- Your objective
Copy each line, word for word, from the one with "Три наших автобуса" through the final line of the listing, but skip the pictures.

- Input data
------------------------------------------------

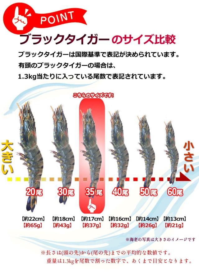 約1.3kgの中に35尾という頭付きのブラックタイガー海老となります。
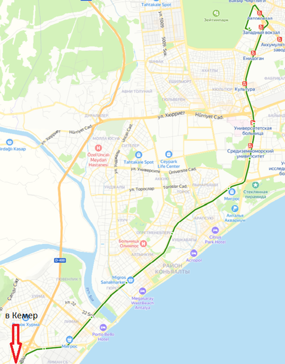 Три наших автобуса АК03, ТА08 и КА07 отправляются с автовокзала Антальи, идут через Мигрос 5М и район Коньялты, и дальше вдоль побережья (см схему 1 ниже).
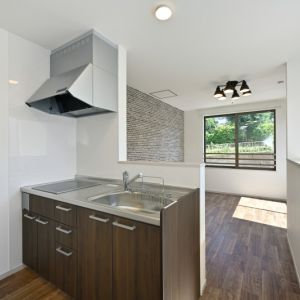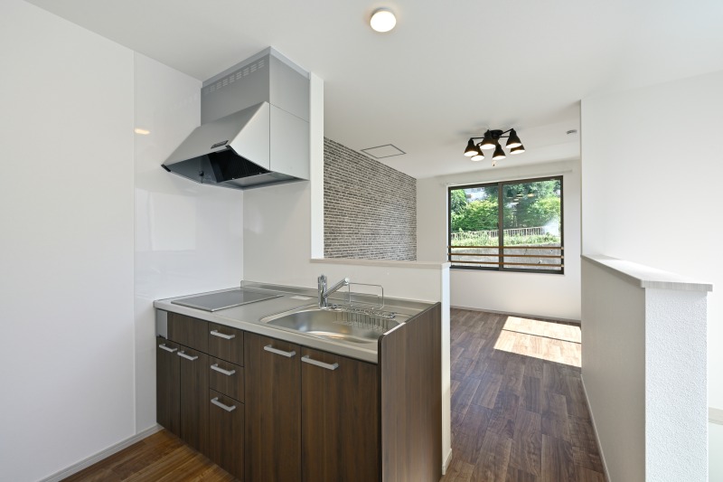 対面I型のキッチンはコンパクトながら明るい配置

------------------------------------------------

- Answer box
 Три наших автобуса АК03, ТА08 и КА07 отправляются с автовокзала Антальи, идут через Мигрос 5М и район Коньялты, и дальше вдоль побережья (см схему 1 ниже).
 対面I型のキッチンはコンパクトながら明るい配置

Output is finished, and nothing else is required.